NOT CHARGED | FEDERAL SECURITIES FRAUD/RICO/MONEY LAUNDERING/ BANK and WIRE FRAUD ($636,000) NOT CHARGED due to CIVIL SETTLEMENT – U.S. v. Mr. N. (DMC No. 7596) (FBI Investigated): Mr. N. owned a company which bought investments, fixed income investments, CD’s and bonds from banks and then sold them to various brokers.  Mr. N. was accused of diverting approximately $600,000 of client’s money into a separate account in order to fund a separate business.  We were able to explain to investigators that this was a “civil” issue, and not a criminal issue.  We also resolved a civil law suit filed by a large investor, by making sure that all monies were returned to proper accounts.  Mr. N. had been facing a large amount of prison time, along with the loss of his Securities licenses until we got involved.  Ultimately, all law suits were dropped, no charges were brought against Mr. N. and his licenses were left intact.

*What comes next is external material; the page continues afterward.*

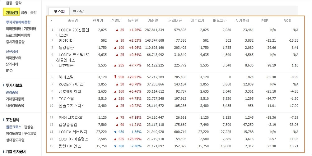 단타를 즐겨하신다면 거래량이 많은 종목을 살펴보는 것이 좋은데요. 금일 거래상위 주식 종목으로는 ETF인 KODEX 200 선물 인버스 2x, 이아이디, 동양철관 등이 있네요. 아무래도 공매도 재개에 앞서 주식시세 하락을 예상하는 사람들이 인버스 매수를 많이 한듯 합니다.

NOT CHARGED | FEDERAL RICO/MONEY LAUNDERING/BANK and WIRE FRAUD ($300,000) NOT CHARGED – State v. Mr. R. (DMC No. 6695) (U.S. Secret Service/United States Attorney’s Office Investigated): Mr. R. was employed as a Telemarketer for a company in which he was to handle the funds that were deposited into a Wells Fargo Bank account.  During the course of the sales, the individuals would provide credit card numbers for purchase.  Mr. R. and his group were accused of posing as Account Holders in order to authorize electronic transfers for a higher dollar amounts.   Total loss was estimated to be $300,000.  Mr. R. was not the primary target of the Secret Services investigation, and a “cooperative deal” was negotiated in which no charges were brought against Mr. R.  Originally he was facing a lengthy stay in the Federal Bureau of Prisons.

 

NOT CHARGED | FRAUDULENT SCHEMES ($200,000) BANK and WIRE FRAUD, MONEY LAUNDERING, and THEFT of MEANS of TRANSPORTATION ($85,000) NOT CHARGED due to CIVIL SETTLEMENT – State v. Mr. G. and Mrs. G. (DMC No. 6372 and 6373) (IRS and JP Morgan Chase Bank Investigated): Mr. and Mrs. G. discovered that the bank had placed $100,000 in their checking account on two successive days by mistake.  This total of $200,000 was perceived to be a “wind fall”.  Mr. and Mrs. G. immediately transferred the money out and began spending it.  When the mistake was discovered, the bank and legal authorities began to investigate.  We were able to step in and negotiate a “civil settlement” with a payment schedule, and no charges were brought against Mr. and Mrs. G.  Originally they were facing a potential of decades in prison.